Together with Joel Reidenberg of Fordham Law School, I filed comments
with the EU Article 29 Working Party about its planned guidance on
Article 49 of the GDPR. Article 49 permits derogations for
specific situations in the absence of an adequacy decision and, in
particular, when a transfer is necessary for important reasons of
public interest or when a transfer is necessary in order to protect the
vital interests of the data subject or other persons. The purpose
of the comments was to ask the Working Party to mention that transfers
of information about missing persons met the public interest and vital
interest standards. Our comments can be found at Fordham Law's the
Center on Law and Information Policy (CLIP) here.
• Best Privacy Anywhere (2013). I drafted a model state law that says that a company must provide consumers in a state the strictest privacy protections that the company applies in any other jurisdiction, domestic or foreign, where it conducts business online for substantially similar activities. The text of the bill is here.For too long, we've watched Internet companies apply one set of privacy rules to its customers in Europe, in Australia, in Hong Kong, or in other countries because the laws in those countries require stronger privacy protections or because consumers in those countries demand better protections. Yet these companies provide consumers here weaker privacy protections largely because they can. There are no general federal privacy laws and no state privacy laws that set comprehensive standards for privacy.
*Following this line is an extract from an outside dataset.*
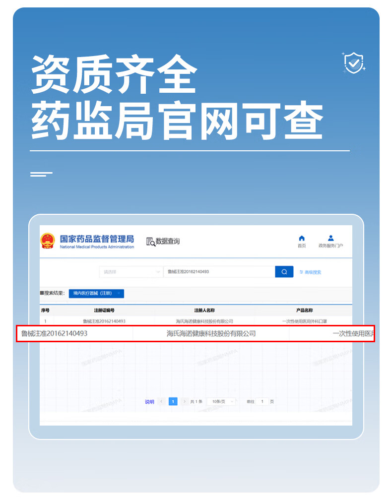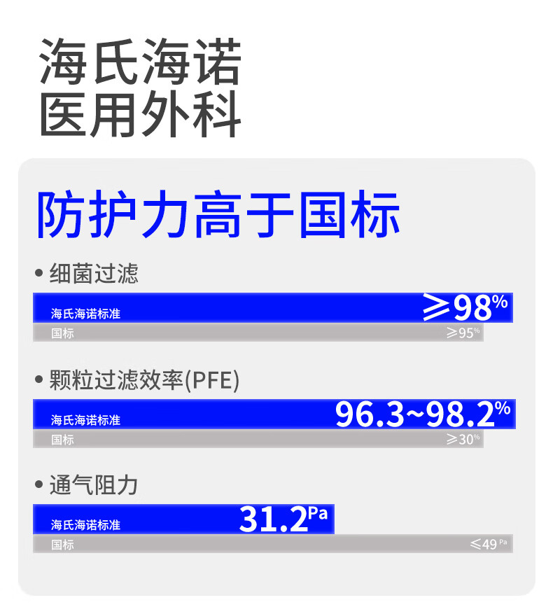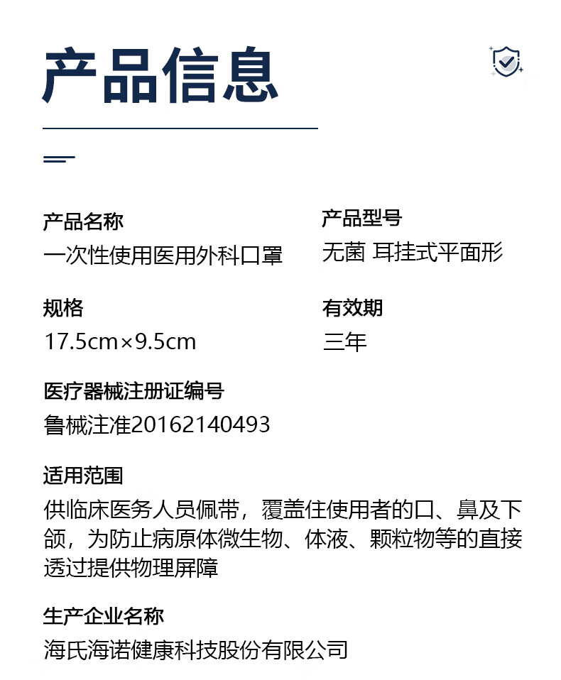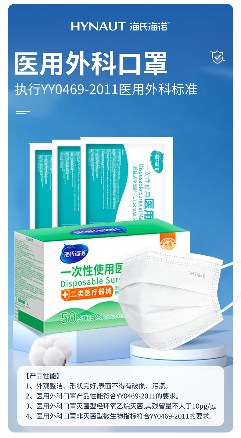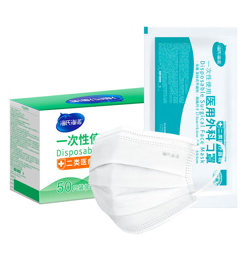 海氏海诺一次性医用外科口罩灭菌级独立包装一只一袋口罩防尘白色50只

My proposal would raise privacy standards in any state that enacts the bill.. And it will do so without the need for lengthy rules or extensive retooling of business models. The same privacy policies and the same business models that work elsewhere will work here.
The bill could be enacted with slight modification in most U.S. states.
• Lacking in Facts, Independence, and Credibility: The 2011 NAI Annual Compliance Report (2012). This assessment of the 2011 NAI Annual Compliance Report offers a gloss on the value of privacy self-regulation. The assessment is here. A broader and more historical look at privacy self-regulation can be found a few documents lower on this page.
From the Executive Summary of the assessment:
Does the NAI’s 2011 compliance report offer evidence that self-regulation is effective and worthwhile? The conclusions here are that the NAI report does not offer not meaningful evidence that self-regulation is effective, that the report hides more than it reveals about the NAI compliance process, and that the value of non-independent self-regulatory audits is unproved.
*****The NAI report provides carefully selected and edited information about its members, the audit process, the qualification of its auditors, and the independence of its auditors. The NAI report fails to provide enough context for the few facts that it does provide, uses weasel worded statements that obscure the degree of compliance or non-compliance by NAI members, and claims credit for compliance with laws that are independent of NAI standards.
• ONLINE PRIVACY A Reference Handbook (2011). This book was published by ABC-CLIO as part of its Contemporary World Issues series. The publisher's listing is here. Pam Dixon and I wrote this book to provide a starting point for research by high school and college students, scholars, and general readers as well as by legislators, business people, activists, and others. It includes a detailed background and history of online privacy, a review of current controversies, a perspective on worldwide developments, a chronology, sketches of important individuals, a directory of organizations, and a host of online resources.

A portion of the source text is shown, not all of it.